═══ Source material
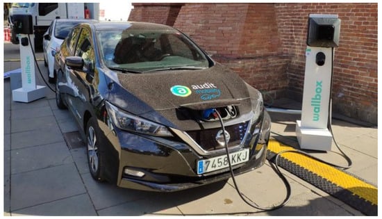 - Expoelectric19 (Figure 2). The main second-life battery for the Master Inverter is of 60 kWh, doubling the capacity of the Expoelectric18 experience. Two V2G chargers constitute the grid feeding devices (by Wallbox) connected to two EVs and a PV installation with battery support (by Audit Energy). The V2G chargers are 3 kVA single-phase bidirectional inverters based on CHAdeMO. Each V2G charger is connected permanently to a 34 kWh Nissan LEAF. The PV installation includes eighteen 315 Wp high-efficiency panels (from JA Solar), a 5 kWp three-phase inverter (by Fronius) and an 11.5 kWh Lithium battery (from ByD). Finally, some loads (lighting, chargers, and power supplies, among others) are connected to the microgrid. The loads are planned to be up to 10 kW per phase.
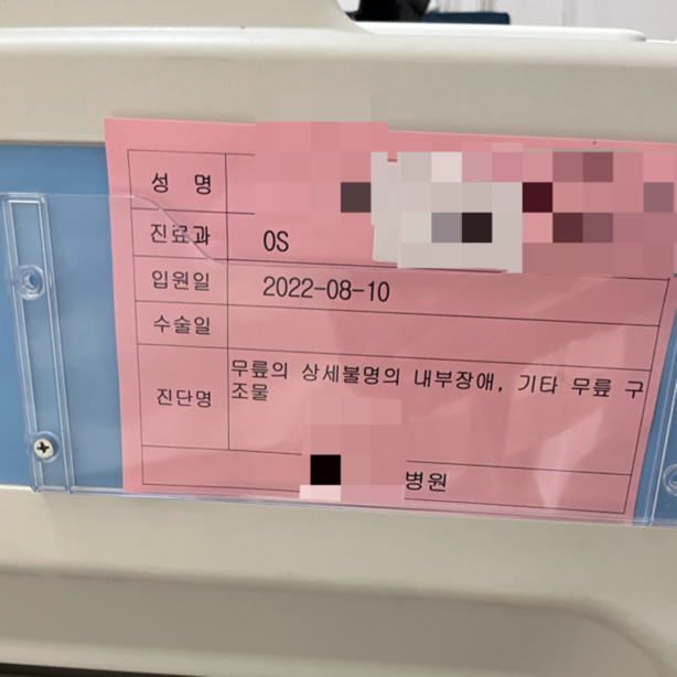 양쪽 무릎 MR과 CT를 포함해 온갖 검사가 이루어졌다. 피검사는 물론이었다. 그래도 나이가 있는데... 큰 병은 아니겠지. 기껏해야 근육통이 심했거나 일시적인 무릎 통증일거야. 그런데 이렇게 아프다고? 아니야. 그래도 별일 없을거야. 나를 다독이며 기분나쁜 상상을 지워버리기 위해 애쓰던 때, 주치의 회진시간이 되었다. 원장님은 나를 외래로 부르셨다. 그리고 들은 MR결과는 생각보다 문제가 꽤 많았다.
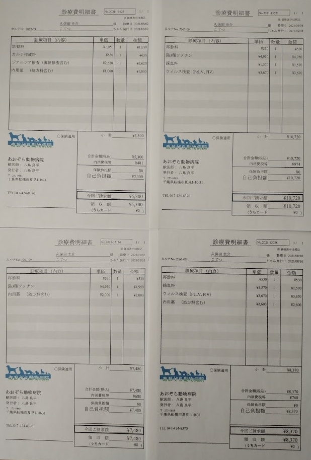今回の手術費と治療費は想定外だったため、私の保護猫活動を手伝ってくれているパートナーの方に建て替えてもらいました。(そのため、診療費明細の名義は私とは異なっております。)
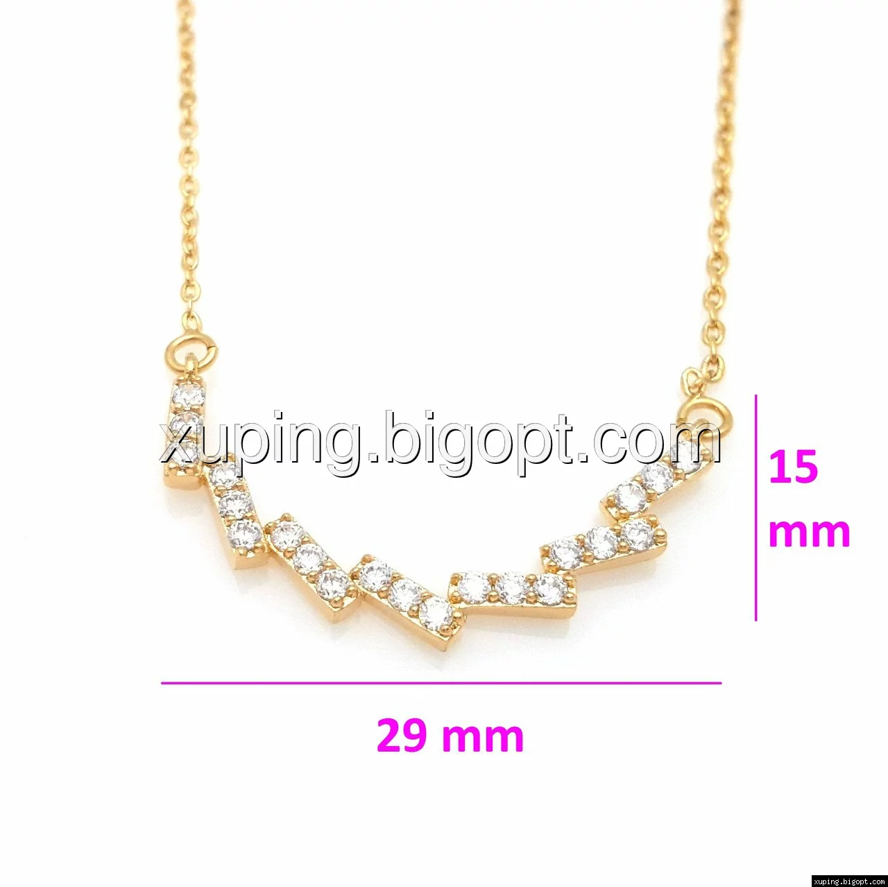 Подвеска 73145, Зигзаг, с россыпью камней, р.44-47, позолота Xuping
══════
Task objective:
Each line from the one with "今回の手術費と治療費は想定外" to the final line of the data above is to be printed exactly; no picture should appear in the copy.

Reply:
今回の手術費と治療費は想定外だったため、私の保護猫活動を手伝ってくれているパートナーの方に建て替えてもらいました。(そのため、診療費明細の名義は私とは異なっております。)
 Подвеска 73145, Зигзаг, с россыпью камней, р.44-47, позолота Xuping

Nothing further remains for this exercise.